I suck at pure math, so I tend to think of this in some sort of analogy.
Suppose the fraction a/b is some statistic you are trying to measure, say, a batting average or percentage of correct notes played in Guitar Hero. (a+1)/(b+1) would be the new fraction after you got the next one right. By getting the next one right, did you improve your score?
Of course, if you have a perfect record already, getting an additional 1-for-1 won't change anything. And if a>b, then you'd have to somehow score more than 1 point per attempt in order to maintain the same ratio, so (a+1)/(b+1) would be lower.

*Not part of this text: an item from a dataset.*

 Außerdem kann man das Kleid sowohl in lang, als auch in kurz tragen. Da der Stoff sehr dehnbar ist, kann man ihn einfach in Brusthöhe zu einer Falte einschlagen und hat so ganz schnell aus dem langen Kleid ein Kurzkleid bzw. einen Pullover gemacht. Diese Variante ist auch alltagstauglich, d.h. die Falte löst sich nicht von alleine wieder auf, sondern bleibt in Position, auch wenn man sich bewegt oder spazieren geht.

I used to be a mathematician, and I think your comment is everything that math education in school should aspire to be :-) Another example in the same vein is Terry Tao's airport puzzle (http://terrytao.wordpress.com/2008/12/09/an-airport-inspired...), scroll down to Harald Hanche-Olsen's comment for the best explanation.

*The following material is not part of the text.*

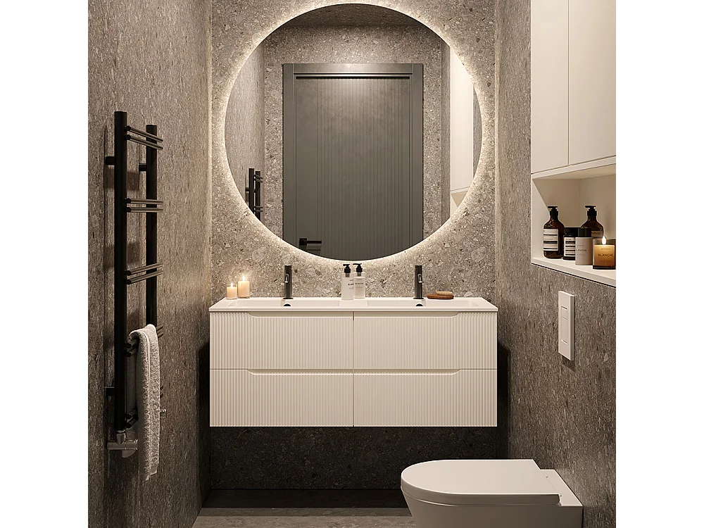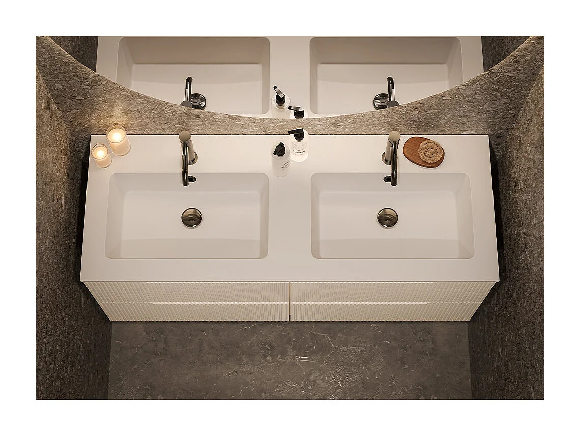Lynea Badkamerkast Geribde Versie, Witte Afwerking, 4 Lades En 2 Wastafels

That is a very nice explanation. It shows why intuitively we expect (a+1)/(b+1) to be greater. But note that there are some unstated assumptions. Namely that both a, b > 0. And so we see that intuition at times carries unstated assumptions that can be a trap in a generalized situation.
Tokenadult and codehotter didn't mention the case when a or b < 0.
Suppose the fraction a/b is some statistic you are trying to measure, say, a batting average or percentage of correct notes played in Guitar Hero. (a+1)/(b+1) would be the new fraction after you got the next one right. By getting the next one right, did you improve your score?
Of course, if you have a perfect record already, getting an additional 1-for-1 won't change anything. And if a>b, then you'd have to somehow score more than 1 point per attempt in order to maintain the same ratio, so (a+1)/(b+1) would be lower.